In this plot, we see not only where the vectors are pointing and what their magnitudes are, but the combination of the two. We can see which orientations are associated with higher magnitudes. This information could be useful in downstream analyses.

In some cases, the signal may be quite low on some of the shells. In order to make the patterns more visible, the frequency values may be normalised within each shell. This option is set when generating the histogram meshes using the keyword argument normalise_by_shell=True in SphereBase.create_histogram_meshes().
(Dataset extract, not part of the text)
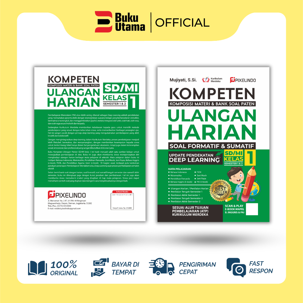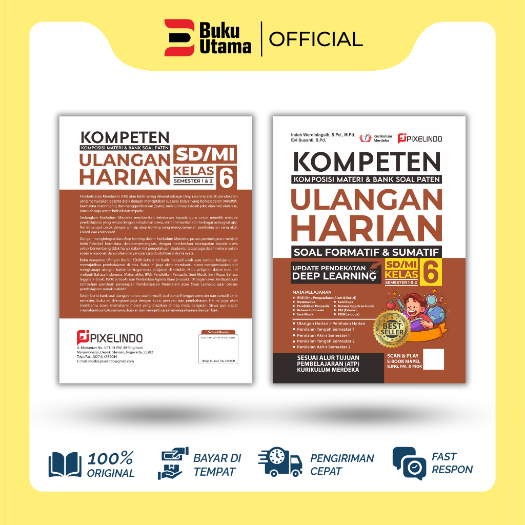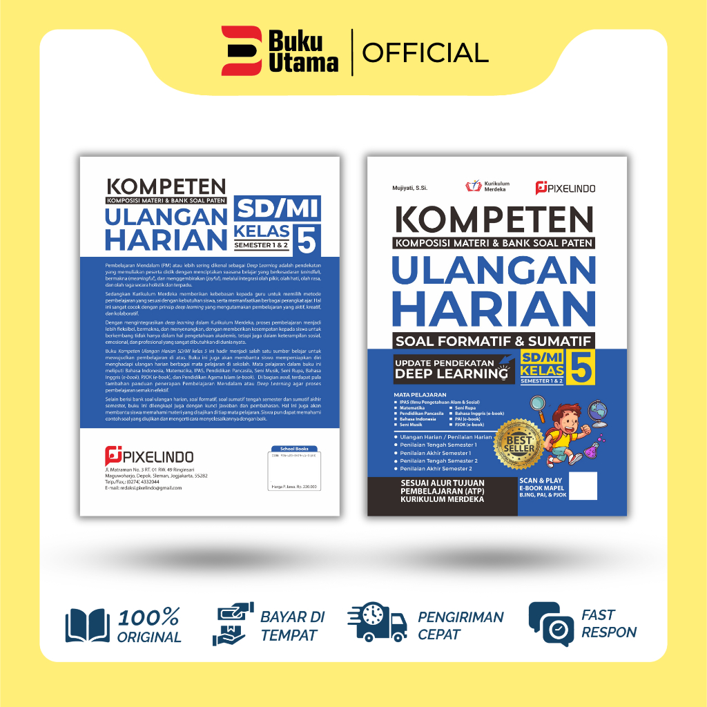 BUKU KOMPETEN ULANGAN HARIAN SD KELAS 1, 2, 3, 4, 5, 6 KURIKULUM MERDEKA UPDATE DEEP LEARNING

In this case, all faces have a value between 0 and 1, representing the fraction of the shell maximum value stored in the face.

Tip

We’ll see more about what these normalised face values mean in the next section.

Clean-Up and Summary#

One last thing: when you’re done plotting, make sure to close the sphere plotter using the SpherePlotter.close() method.

my_sphere_plotter.close()

By doing this, you can make sure that the resources used to generate the plot are freed up. This will make it easier to produce additional plots.

Now we’ve seen how to generate 1D, spherical and nested spherical histograms. In the next section, we’ll see a bit more about how to generate these histograms from a single SphereBase object and how to gain additional insights.